Gastrointest Endosc. 2018 May;87(5):1207-1214.e3. doi: 10.1016/j.gie.2017.12.020. Epub 2018 Jan 5.

Abstract

BACKGROUND AND AIMS

Subepithelial fibrosis in eosinophilic esophagitis (EoE) can be detected only in esophageal biopsy specimens with adequate amounts of lamina propria (LP). We investigated how often pediatric esophageal biopsy specimens contain adequate LP, and whether esophageal eosinophilia influences the acquisition rates.

METHODS

We evaluated 284 esophageal biopsy specimens from 39 patients with EoE, and 87 biopsy specimens from 32 patients without esophageal eosinophilia or other esophageal abnormalities for the presence of adequate LP and fibrosis.

RESULTS

On a per biopsy specimen basis, there was no significant difference in the rate of procuring adequate amounts of LP between patients with EoE and patients without esophageal eosinophilia (43% vs 31%, P = .14). Eighty-five percent of patients with EoE had fibrosis.

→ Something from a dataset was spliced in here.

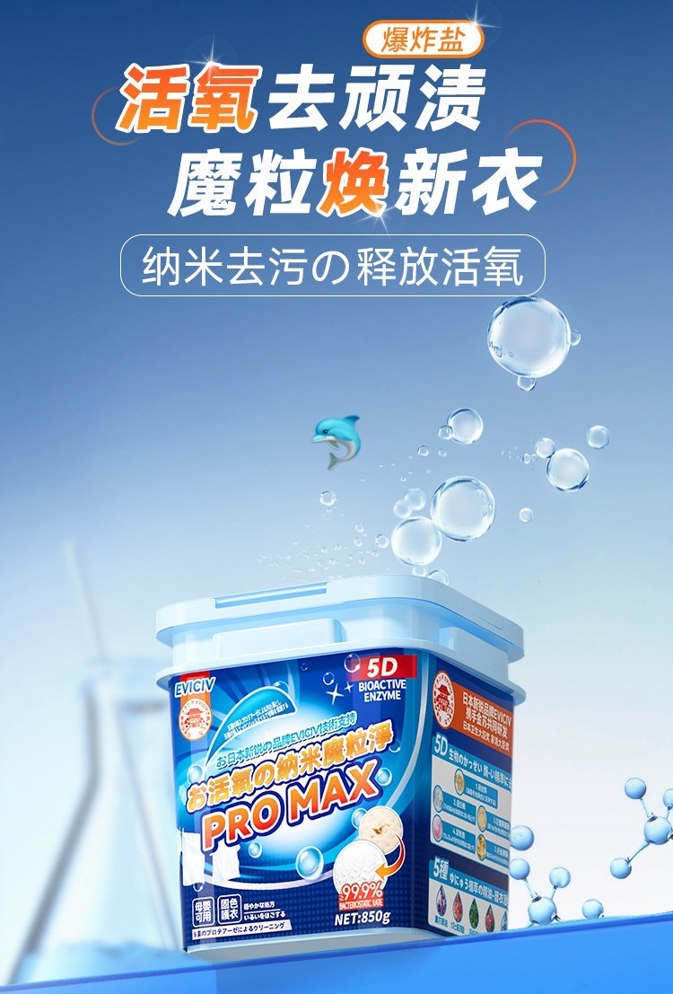 7.9%高活性氧含量,遇水疯狂冒泡泡🫧 茶渍、红酒渍、霉斑、氧化黄渍全分解,不用搓不用刷,泡一泡就干净~ 还能99.9%除菌除霉,洗完的衣服软乎乎带淡淡清香,窗帘、毛巾、校服都能洗! 采用湿法醇析工艺,精选过碳酸钠为核心成分,搭配偏硅酸钠、活氧颗粒科学配比,冷水中也能快速溶解,不结块不残留 ~ 经过权威检测,无磷无氯,分解后只有水和碳酸钠,环保又安全🌱 💕用法超简单!局部污渍用1/4勺+60℃热水搓5分钟,整件浸泡用1勺+热水泡30分钟,机洗直接加一勺搭配洗衣液就行🧴 白衣泡完亮到发光,宝宝衣服洗完放心啃咬,家务效率直接拉满~ 克重:毛重850g 保质期:3年
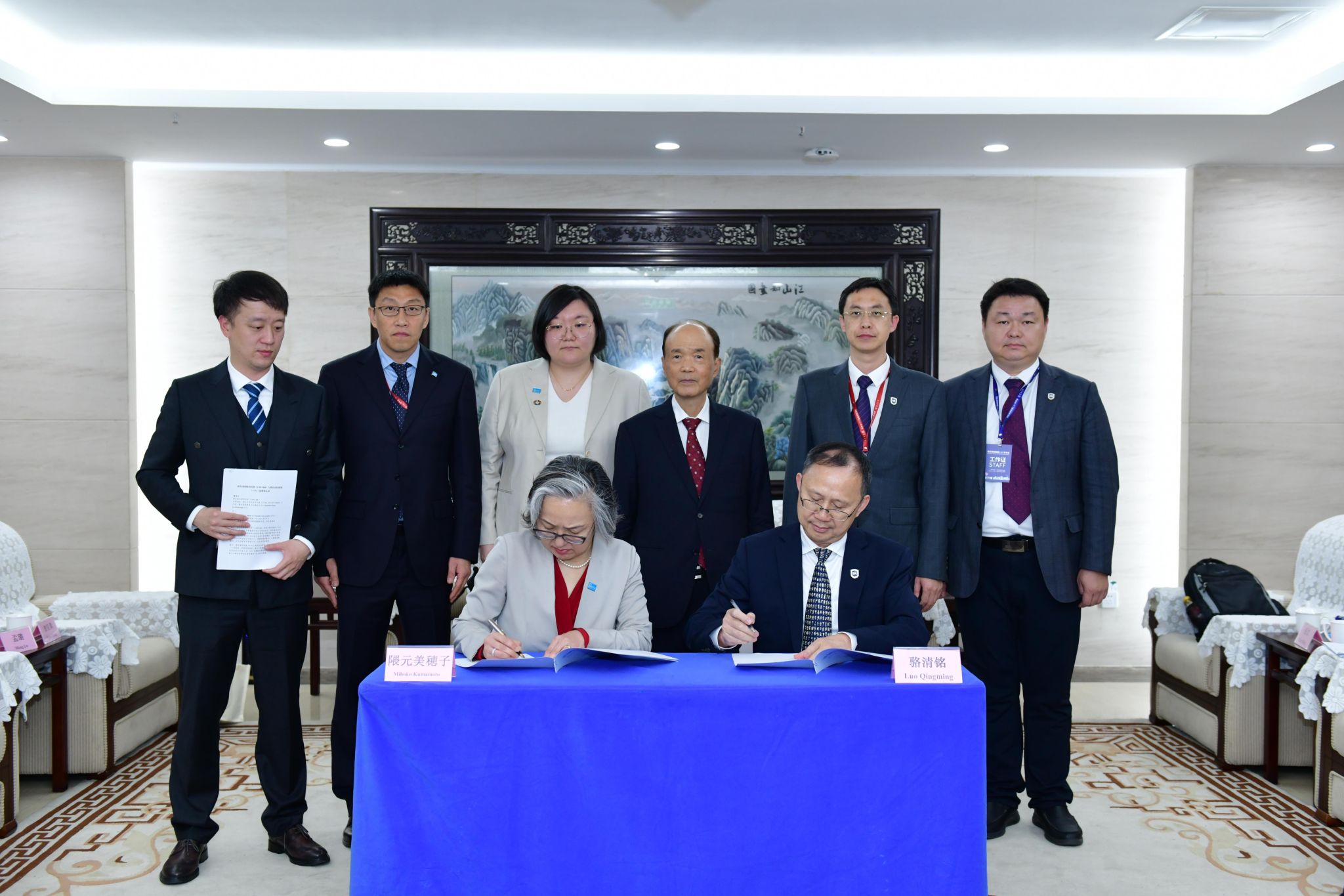 会见中,隈元美穗子与骆清铭分别代表联合国训练研究所、海南大学签署合作协议。

Fibrosis in patients with EoE was patchy and more likely to be detected in the middle or distal esophagus (odds ratio, 19.93; 95% confidence interval, 4.12-91.52). Among patients with fibrosis, the probability of its detection reached >95% with 7 middle-distal esophageal biopsy specimens. Most children with newly diagnosed EoE already had subepithelial fibrosis despite exhibiting only inflammatory endoscopic features.

CONCLUSIONS

Most individual esophageal biopsy specimens in children are inadequate for assessing subepithelial fibrosis, and the rates of procuring adequate LP per biopsy specimen are similar in patients with and without EoE. To reliably detect fibrosis in patients with EoE, at least 7 biopsy specimens should be taken from the middle-distal esophagus. The finding of fibrosis in children with newly diagnosed EoE and only inflammatory endoscopic features suggests that fibrosis can occur early in this disease.

摘要

背景与目的

在嗜酸粒细胞性食管炎(EoE)中,仅在具有足够固有层(LP)的食管活检标本中才能检测到黏膜下纤维化。我们研究了儿科食管活检标本中含有足够 LP 的频率,以及食管嗜酸性粒细胞增多是否会影响获取率。

方法

我们评估了 39 例 EoE 患者的 284 份食管活检标本和 32 例无食管嗜酸性粒细胞增多或其他食管异常的患者的 87 份活检标本,以评估是否存在足够的 LP 和纤维化。

结果

以每份活检标本为基础,EoE 患者与无食管嗜酸性粒细胞增多或其他食管异常的患者获取足够 LP 的比例无显著差异(43% vs 31%,P =.14)。85%的 EoE 患者有纤维化。EoE 患者的纤维化呈斑片状,更可能发生在食管中段或远端(比值比,19.93;95%置信区间,4.12-91.52)。在有纤维化的患者中,7 份中-远端食管活检标本的检出率达到>95%。尽管表现为仅炎症性内镜特征,大多数新诊断的 EoE 患儿已经存在黏膜下纤维化。

结论

大多数儿童的单个食管活检标本不足以评估黏膜下纤维化,且 EoE 患者和无 EoE 患者每份活检标本获取足够 LP 的比例相似。为了可靠地检测 EoE 患者的纤维化,至少应从中-远端食管采集 7 份活检标本。在新诊断的 EoE 患儿中发现纤维化且仅有炎症性内镜特征,提示纤维化可能在该病早期发生。